Mary Slessor, known as Ma Akambo, the White Queen of Calabar, born in Scotland
had come to Africa to spread the gospel in 1878. Calabar, a land of nearly
impenetrable forest, chiefly unexplored, brought fear to even the villagers who lived
there. They captured their own, put them in cages and held them for the slave ships. It
was a place of witchdoctors, swarms of insects, elephants and wild cats. At times
cannibalistic, they worshipped the skulls of dead men, yet held little value for life.
Mary followed the bellowing cries till she found their source. Twin newborns.
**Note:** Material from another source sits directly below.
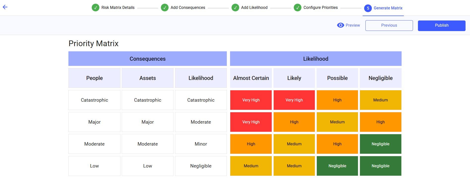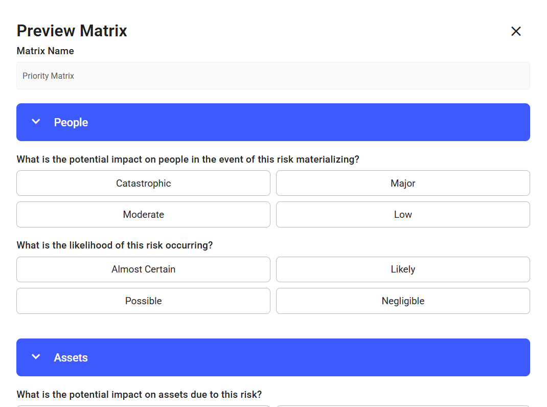 - Click Preview to view risk matrix in its final

Lying on
the ground, left to be eaten by insects and animals. “Thank You, Lord, for keeping
them safe.”
Mary gathered up the twins and held them close to her small body, “There, there, little
ones. Ma Akambo will take care of you.” She picked her way back to the mud hut
where she lived, the home made with her own hands. There she would raise this
rescued pair, nor would it be the last children she saved. For the villagers considered
twins to be a curse, and believed that one was always evil. Not knowing which was the
accursed baby, both were left in the jungle to die.
One day the chief’s son, while in the thick forest, was crushed when a tree fell on him.
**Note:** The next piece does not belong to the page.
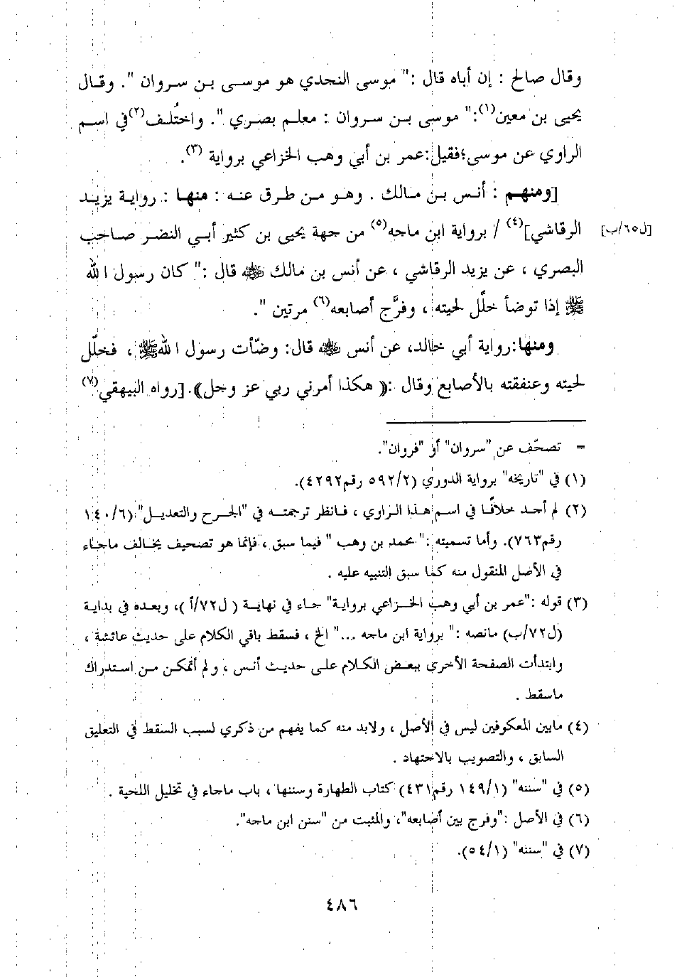 أيوب، عن هلال بن فياض، عن [عمر بن أبي] وهب، عن موسى بن ثروان، عن طلحة بن [عبيد الله] بن كريز، عن عائشة رضي الله عنها قالت: كان رسول الله صلى الله عليه وسلم إذا توضأ خلل لحيته.

Mary tended to him, but he didn’t survive. The people believed that a violent death was
the result of witchcraft inflicted on them by other villages. The witchdoctor named the
offensive village, the men slipped into the neighboring community, kidnapped several
and brought them back to test their innocence. Forced to drink poison, their resulting
deaths would prove their guilt. But Mary intervened. For days she prayed and pled for
the innocent people’s lives. The chief finally relented, but because there had to be a
shedding of blood, for the first time, a cow was sacrificed.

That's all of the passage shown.